It is urged with much earnestness by counsel for respondent that the effect of the proviso at the end of the statute has never been construed by any decision of this court, and it is insisted that the only meaning to be given thereto, consistent with the usual canons of statutory construction, limits the application of the statute to commercial railroads, and not to private roads, such as logging roads, or of the character of that shown in this case. The proviso reads that the act shall not be construed so as to render any railroad company liable for damages sustained by an employee while engaged in the construction of a new road, or any part thereof, not open to public use. It is. claimed that this clearly shows an intention on the part of the legislature to limit the operation of the act to railroads open to public travel and use, and that private logging railroads and similar railroads operated in connection with iron mines, not open to public travel, do not come within the statute. We do not concur in this contention. The proviso is in the nature of an exception or reservation, and serves merely to exclude from the operation of the act railroads which are in course of construction, incomplete, and not open to use. It cannot be construed as enlarging or explaining the meaning of the enacting clause of the statute, and the mere fact that it excludes from the operation of the act railroads not open to public use does not warrant the inference that the legislature intended the statute to apply solely to railroad companies organized for the purpose of doing a general commercial business, carrying passengers and freight for hire. The proviso simply exempts from the operation of the act the incomplete roads.
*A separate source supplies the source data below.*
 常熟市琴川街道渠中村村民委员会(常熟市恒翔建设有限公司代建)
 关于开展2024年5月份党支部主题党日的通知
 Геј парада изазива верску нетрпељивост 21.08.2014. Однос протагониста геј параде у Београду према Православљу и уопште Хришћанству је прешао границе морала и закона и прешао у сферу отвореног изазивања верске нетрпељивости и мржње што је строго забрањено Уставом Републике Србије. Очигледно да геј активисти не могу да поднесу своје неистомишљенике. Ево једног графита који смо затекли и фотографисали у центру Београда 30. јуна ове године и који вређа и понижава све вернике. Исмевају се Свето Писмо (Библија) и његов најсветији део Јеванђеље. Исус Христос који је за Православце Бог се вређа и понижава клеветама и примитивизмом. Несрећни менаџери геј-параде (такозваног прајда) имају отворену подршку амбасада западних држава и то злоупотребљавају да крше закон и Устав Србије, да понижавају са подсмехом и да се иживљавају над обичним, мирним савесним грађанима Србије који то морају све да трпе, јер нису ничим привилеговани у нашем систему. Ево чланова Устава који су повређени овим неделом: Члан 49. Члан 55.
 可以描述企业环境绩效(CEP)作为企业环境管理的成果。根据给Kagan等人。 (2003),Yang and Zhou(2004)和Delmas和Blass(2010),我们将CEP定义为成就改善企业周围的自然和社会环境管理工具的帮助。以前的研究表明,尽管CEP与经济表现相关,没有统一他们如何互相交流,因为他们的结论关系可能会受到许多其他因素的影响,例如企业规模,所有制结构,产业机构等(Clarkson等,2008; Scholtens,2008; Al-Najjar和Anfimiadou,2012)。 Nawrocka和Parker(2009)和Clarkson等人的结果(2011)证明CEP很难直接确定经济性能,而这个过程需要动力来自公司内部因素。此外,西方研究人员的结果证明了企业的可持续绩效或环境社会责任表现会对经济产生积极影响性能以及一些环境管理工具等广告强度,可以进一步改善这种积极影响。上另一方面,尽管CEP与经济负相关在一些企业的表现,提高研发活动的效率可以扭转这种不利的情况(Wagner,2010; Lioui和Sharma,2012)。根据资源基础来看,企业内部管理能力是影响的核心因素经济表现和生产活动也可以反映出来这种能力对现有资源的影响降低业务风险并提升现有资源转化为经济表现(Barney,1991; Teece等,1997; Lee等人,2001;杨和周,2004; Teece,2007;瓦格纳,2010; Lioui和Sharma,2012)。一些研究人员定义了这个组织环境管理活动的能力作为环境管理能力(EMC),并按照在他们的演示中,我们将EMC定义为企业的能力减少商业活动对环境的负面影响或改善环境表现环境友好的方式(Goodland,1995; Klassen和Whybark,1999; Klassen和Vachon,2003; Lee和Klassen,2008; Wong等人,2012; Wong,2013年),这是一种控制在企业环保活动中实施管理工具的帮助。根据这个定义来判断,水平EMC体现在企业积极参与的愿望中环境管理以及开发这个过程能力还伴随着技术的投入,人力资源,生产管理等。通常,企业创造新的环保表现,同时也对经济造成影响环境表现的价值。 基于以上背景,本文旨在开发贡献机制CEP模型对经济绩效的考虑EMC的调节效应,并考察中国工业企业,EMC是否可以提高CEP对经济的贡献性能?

Private roads, such as logging roads or like that here under consideration, were unknown in this state at the time of the passage of the statute; and it goes without saying that the legislature did not intend to exclude them from the operation of the act. That class of roads has come into use since the enactment of the law, and, as held in the Schus case, are subject to the liability there imposed, at least when they are operating a road incident to which are the hazards and dangers contemplated by the legislature in the passage of the statute. The proviso must, therefore, be held, not as indicating an intention on the *69part of the legislature to single out railroad corporations engaged in public traffic, and impose upon them liability for injuries caused to one servant by a fellow servant, but to establish a rule to protect employees in a hazardous and dangerous employment; and the exception of the incomplete road merely draws a line between the time when the act shall take effect as to the railroads in course of construction. When fully completed, and ready for operation, whether public or private enterprises, if in their operation servants are exposed to “railroad hazards,” the statute applies, and they are liable.

Schneider v. Chicago, B. & N. R. Co., 42 Minn. 72, 43 N. W. 783, was a case where the railroad company was engaged in the construction of a spur track, and in the course of its work in that behalf one of its servants was injured by reason of the negligence of a fellow servant. The company was held liable, notwithstanding the fact that the spur track was but a part of its general railroad system, in the course of construction, incomplete, and not yet open to public or other use. If there be any force in appellant’s contention, the decision in that case was erroneous; but it was in line with the other decisions of the court to the effect that it was not the railroad corporations the legislature had in mind in passing the statute, but the hazards and dangers to which employees are exposed. It may be that there are expressions in decisions of this court, and other courts where this question has been discussed, to the effect that the welfare of the public was an element considered in the enactment of the statute, and that it tends in large degree to insure the employment of experienced and skilled persons to manage and operate railroad trains, thereby better protecting the traveling public; but the statute has not been limited to employees operating trains, but has been applied to other classes of employees. In Steffenson v. Chicago, M. & St. P. Ry. Co., 45 Minn. 355, 47 N. W. 1068, the injury resulted from the negligence of a fellow servant of plaintiff in the operation of a hand car; and the court held, though public interests were in no manner endangered or involved, that the case came within the purview of the statute, and sustained the right of recovery. The rule of that case has been repeatedly followed in others. Kreuzer v. Great Northern Ry. Co., 83 Minn. 385, 86 N. W. 413.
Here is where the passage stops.